Everyone knows the importance of good credit scores when it comes to personal finance. A low credit score can raise your interest rate on a home mortgage, and for some people, can even prevent you from being eligible for a mortgage at all. Unfortunately, as many small business owners have found, a low credit score can wreak havoc in your business pursuits as well.
For businesses that operate as a sole proprietorship, and even those formally organized as a Limited Liability Company (LLC) in their state, the individual credit score of the owner is still essential. When applying for business credit cards, vehicle loans, or uncollateralized lines of credit, issuers likely will still approve or deny based on the owner's credit score. Loans and credit cards also likely require the personal guarantee of an owner.

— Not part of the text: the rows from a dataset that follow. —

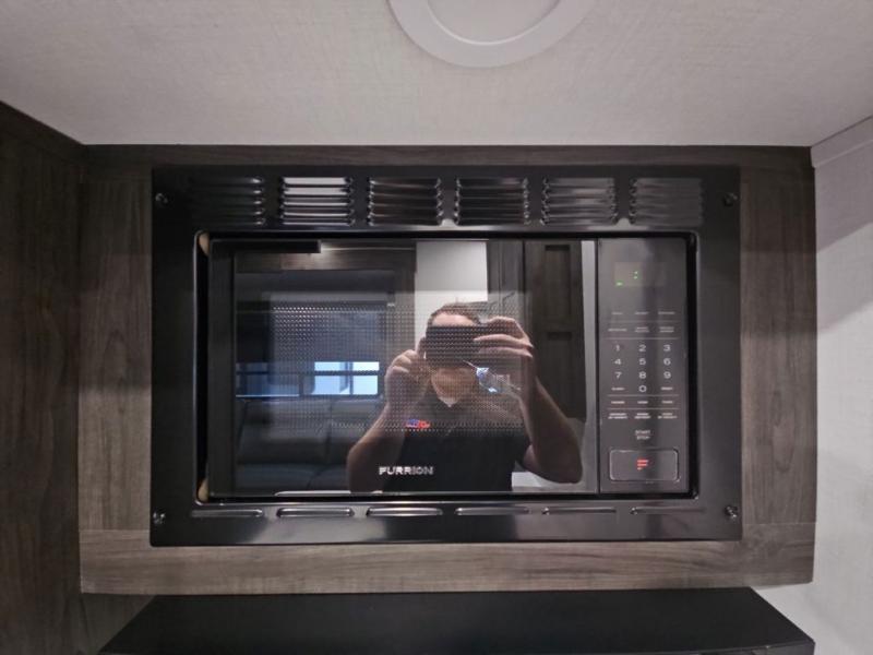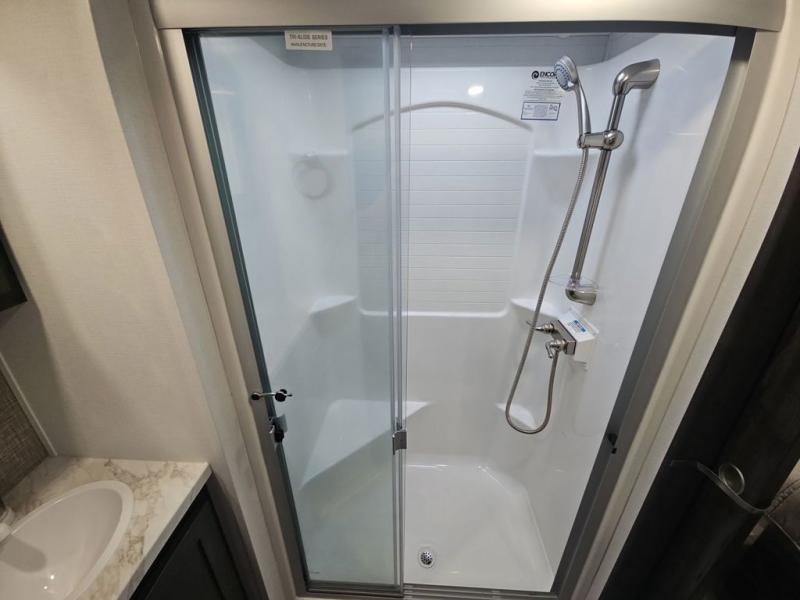 Fun with your toys is made easy with this 14' garage area toy hauler! Once the toys are unloaded, relax on the dual opposing sofas, or take a rest on the electric queen bed. The kids or guests can climb up into the loft that includes a bunk mat, and there is a half bath in the garage for added convenience. This model includes a peninsula countertop with plenty of space to prep meals and clean up, and there is a 16 cu. ft. 12V refrigerator for perishables. You'll find a residential shower with a seat in the dual entry bath, and the front bedroom will feel just like home with its Fuzion king bed and wardrobe slide for all your clothes.
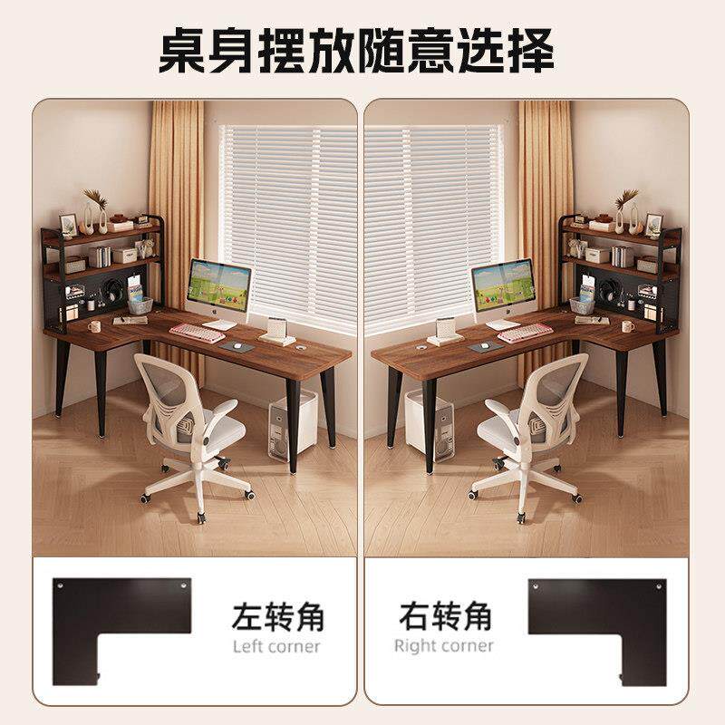 实木转角电脑桌家用卧室书桌学习桌双人简易拐角电竞桌办公工作台
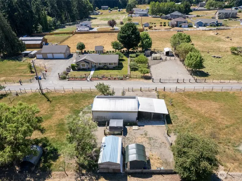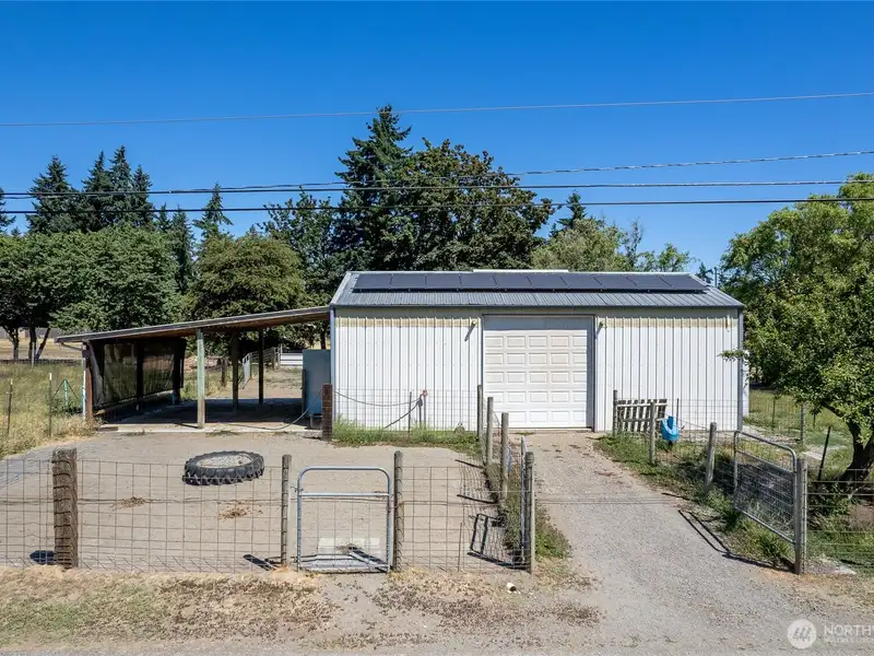 Two parcels sold together! Tucked back on peaceful acreage, this move-in ready and lovingly maintained property is packed with impressive features for creativity, comfort, and self-sufficiency. A beautifully remodeled kitchen pair with collection of versatile outbuildings—including detached garage with shop, creative cottage, barn, chicken coop, & greenhouse. Solar panels, high-capacity power, and EV charger made ideal for hands-on projects and modern living- too many features to list! Fully fenced for livestock & equestrian use. English-style landscaping, fruit trees, raised beds, and culinary herb garden complete the setting. End your day by the fire pit, roasting s’mores. A true live-work-play property with power in all the right places.
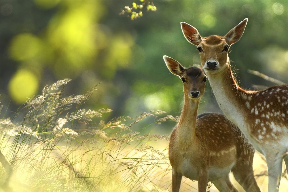 Damhirsch (Dama dama) mit Kalb im Wald, Amsterdamse Waterleidingduinen, Nordholland, Niederlande. Marianne Brouwer / Natur auf Vorrat
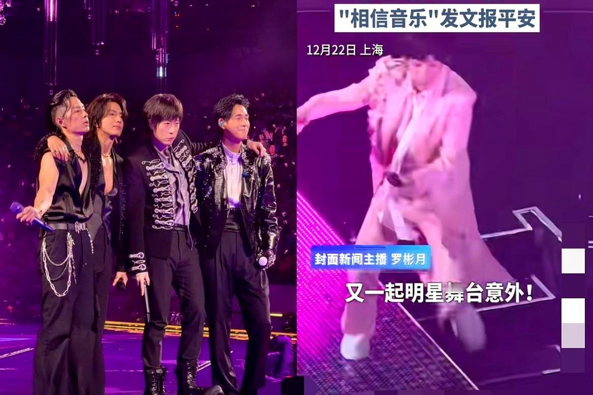 阿信从2米高台摔下,这事儿可真把人吓得够呛。 2025年12月22日上海「F✦FOREVER 恆星之城」巡演最终场,唱到《離開地球表面》时,阿信在舞台边互动,一脚踩空直接从近2米高的台子上掉了下去。 手都流血了,他只休息了大概2分钟,就跑回台上继续唱,还拿袖子挡着伤口。他真的真的太拼了,一句歌都没落下。 现场F3的反应超暖。吴建豪第一个冲下台去扶,周渝民递毛巾擦血还亲了阿信脸颊安抚,言承旭全程紧张地守着。 阿信自己心态倒挺好,在台上自嘲“刚才失忆了”,问“五月天怎么少了一个人”,还开玩笑说“下次一定站稳”,用幽默让粉丝安心。 他事后发文报平安,说自己是“史上第一个集全F3吻的男人”,医院检查一切正常。他解释说,刚忙完一个多月22场演唱会还来,就是因为“3个不忍心”。他发文说,我的脑袋没摔坏。 意外归意外,还是希望他好好检查身体,健健康康地继续唱下去比什么都重要。

If your score is low, you may be offered an unfavorable interest rate, making the cost of doing business higher. Ultimately, you may find your loan or other application outright denied. To prevent such occurrences, it's crucial to take steps to protect individual credit scores, before you have a need for credit.
Various factors affect your credit count, but not all have equal weight on your score. This knowledge helps focus your efforts when trying to fix your credit score and makes the task seem manageable and achievable.
Factors influencing your good credit score, in order of most substantial effect, may include:
- On-time payment history
- Overall usage of your available credit
- Length of credit history
- Types of credit you have
- Number of recent inquiries / opened accounts
According to Experian, on-time payment history accounts for 35% of your FICO Score and overall usage, another 30%.
You might have no reported credit if you've lived outside of the country for an extended period or if you are a very young business owner. In either situation, you have to start building credit as soon as possible. There are specific debit and credit card products available that help users build credit by demonstrating on-time payments.
Some people have a bad credit score from past mistakes. Mistakes might include late payments or balances over the credit limit of the account. In this situation, the first step is to rectify the problem and bring your accounts current. Unfortunately, even after doing that, the problem won't go away overnight. A late payment is reported on your credit report for seven years. Bankruptcy remains on your report even longer.
These stay on your account for only two years and don't significantly affect your score. However, you should still only apply for credit cards if you are relatively confident that you will be approved. Various websites, such as Credit Karma, can help you figure out your odds of approval before applying.
When it comes to your credit score, debt isn't a bad thing. Unused accounts aren't good as they might be closed down by the card issuer owing to nonuse. Unused accounts also might have the credit limit lowered to better match your spending habits, which can have an effect on your credit score.
When using credit though, if you have to carry a balance on the card, the credit usage rate should be below 30% of your available credit line. For example, if you have a credit card with a credit limit of $10,000, you should only carry a balance of 30% of that amount, or $3,000. Balances above this limit begin to have a negative effect on your credit score.